Intramuscular testosterone undecanoate for substitution in male hypogonadism the experience of 13.5 years
F Saad1,2 & M Zitzmann3
Background: Testosterone substitution with favourable kinetics and tolerance is important for hypogonadal men. Intramuscular injections of long-acting testosterone undecanoate (TU) offer a convenient modality.
Methods: We report data from 281 patients (134 with primary, 88 with secondary hypogonadism and 59 with late-onset (mixed or metabolic) hypogonadism aged 15 to 72 years (mean 40±13 years) receiving altogether 4913 intramuscular injections of 1000 mg of TU during a maximal treatment time of 13.5 years, overall corresponding to 1069 treatment years.
Components of the metabolic syndrome were assessed in 216 men receiving 2864 injections.

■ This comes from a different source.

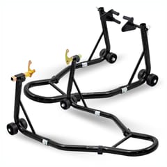 Stojaki przydatne w każdym garażu oraz warsztacie. Dzięki nim w łatwy sposób dokonasz napraw oraz konserwacji. Duża powierzchnia mocująca zapewnia stabilność a gumowe uchwyty chronią motor przed zarysowaniem. Uchwyt mocujący przedni można regulować w zakresie od 210 do 260 mm a tylny od 210 do 340 mm

Results: Trough levels of testosterone were generally within the low normal range, indicating sufficient substitution. Individual dosing intervals ranged from 10 to 14 weeks. The proportion of men fulfilling the new joint consensus criteria of the International Diabetes Federation and the National Cholesterol Education Program for definition of the Metabolic Syndrome decreased from initially 87 to 52% within 2 years (χ2 for trend: P<0.001). Especially waist circumference decreased from 112.0±10.3 to 96.4±9.1 cm (P<0.001) within a year (body mass index from 30.4±5.1 to 28.6±3.8 cm (P=0.001)). Lipoprotein subfractions, blood pressure and fasting glucose levels improved in a similarly meaningful manner. Hematocrit was significantly elevated under treatment but remained within the normal range, except for occasional measurements (maximal value 56.3%).
Conclusion: Injections of testosterone undecanoate represent a feasible, safe and well tolerated modality of androgen substitution in hypogonadal men of a wide age-range, substantiated by more than one decade of experience, facilitating a decrement of metabolic/cardiovascular risk factors.